The early runway events gave delegates practical tips on how the policy process works, when and how to engage with it, and how to pitch their science. The main program featured internationally-recognised experts reflecting on a broad range of STEM and policy interaction spread across two days of exciting online activity.

As its centrepiece, Dr Cathy Foley delivered her first major address as Australia’s Chief Scientist at the National Press Club of Australia to an audience that included the co-chairs of Parliamentary Friends of Science – Science Minister Karen Andrews and Shadow Science Minister Richard Marles.

Science meets Parliament’s nearly 300 delegates got the opportunity to meet with and pitch their science to more than 60 MPs and Senators, as well as enjoying plenty of opportunities to build their own networks in the science community.

They also got a chance to find out more about Parliament House thanks to virtual tours of its beekeeping program from resident apiarist Cormac Farrell and a geology tour from Geoscience Australia Chief Scientist Dr Steve Hill.


Feedback from delegates after the event was overwhelmingly positive, especially around the online delivery format.

“I felt that the virtual delivery enhanced rather than hindered participation,” said one delegate.

“It was a fantastic event, even with most of the presentations are online,” added first-time delegate Dr Qian Peter Su.
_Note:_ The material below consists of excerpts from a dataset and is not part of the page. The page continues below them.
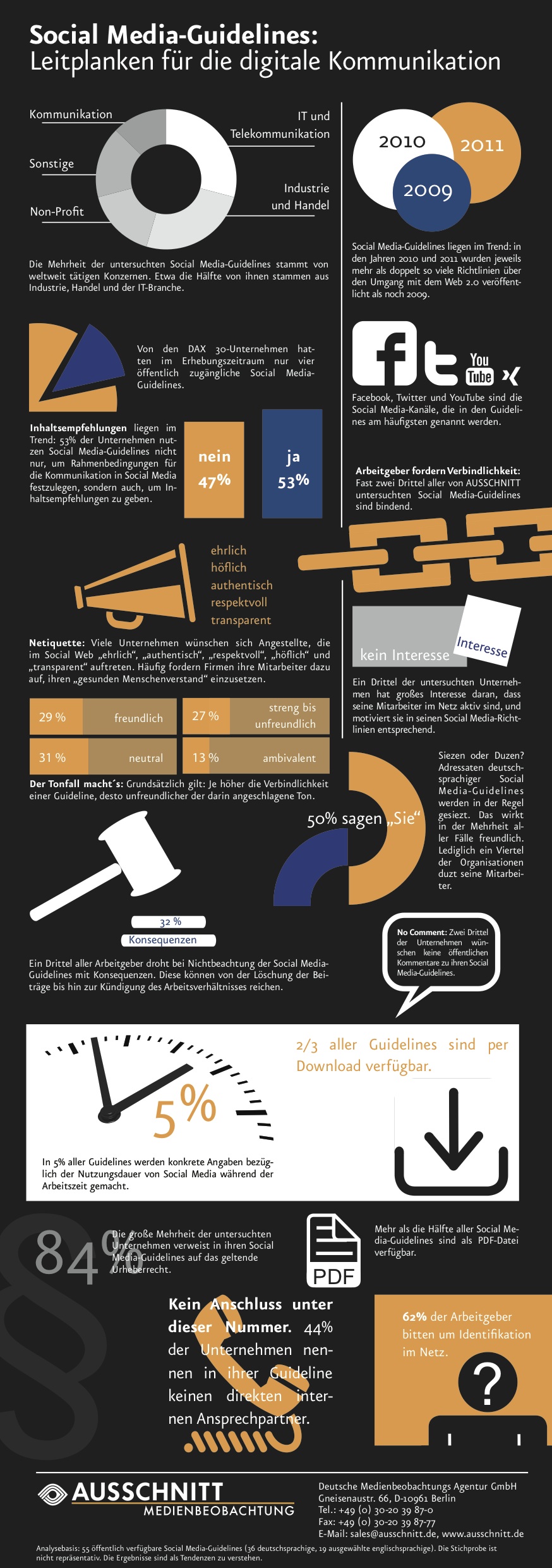 Wir haben uns in unserem Blog bereits die Frage gestellt was in Social Media Guidelines eigentlich alles so reingehört? Doch wie sieht es denn in der Realität aus? Welche Inhalte veröffentlichen die Unternehmen tatsächlich in ihren Guidelines? Die Agentur für Medienbeobachtung AUSSCHNITT aus Berlin untersuchte 55 öffentlich zugängliche Guidelines und fand interessante Antworten.
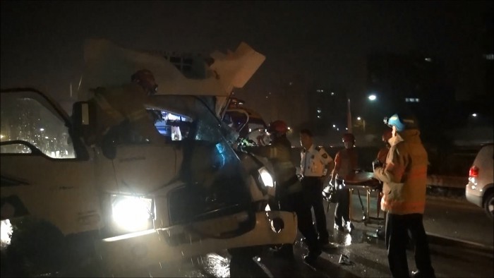 (서울=포커스뉴스) 24일 오전 1시27분쯤 서울 노원구 월계동 동부간선도로 서울방향 월계1교에서 우유를 싣고가던 5톤 냉동탑차가 8톤 우편화물차를 들이받는 사고가 났다.
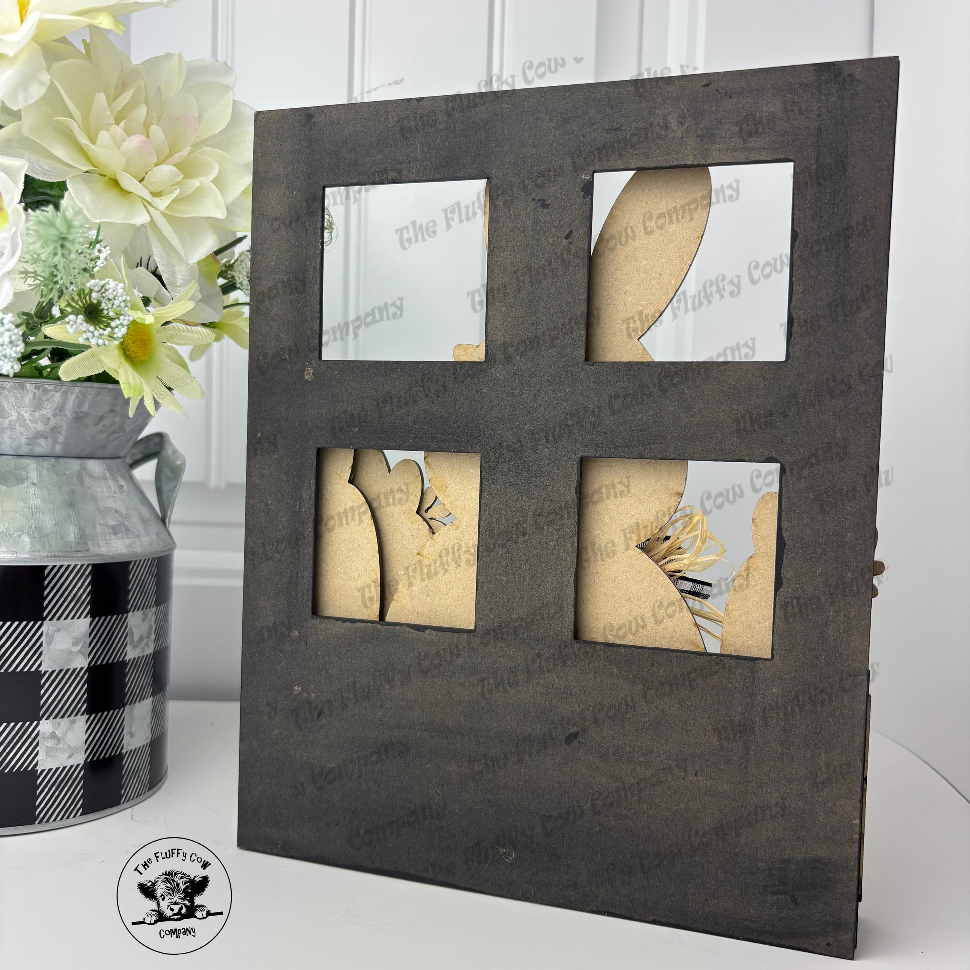 This hand-crafted Window Frame Shelf Sitter comes with a seasonal Easter Blessing Bunny insert. The laser-cut design and painted details provide a charming addition to your home decor.

“This event step-by-step reveals the process and tips for how STEM researchers can engage with government to make impacts in a logical way. The speakers are surprisingly open and genuine in providing advice, tips and opinions. The on-demand playback function not only allows flexibility but the opportunities to repeatedly watch some interesting topics for better information digestion. [I would] strongly recommended [it] to others,” said delegate Dr Yanyan Zhao.

The event concluded with concurrent gala dinners held in Canberra, Sydney, Melbourne, and Adelaide and featured talks from Minister Karen Andrews, Shadow Minister Richard Marles, and ANSTO’s Pamela Naidoo-Ameglio.


Science & Technology Australia thanked all its sponsors, partners, participating MPs and Senators, and the event’s delegates for making Science meets Parliament 2021 such a significant success.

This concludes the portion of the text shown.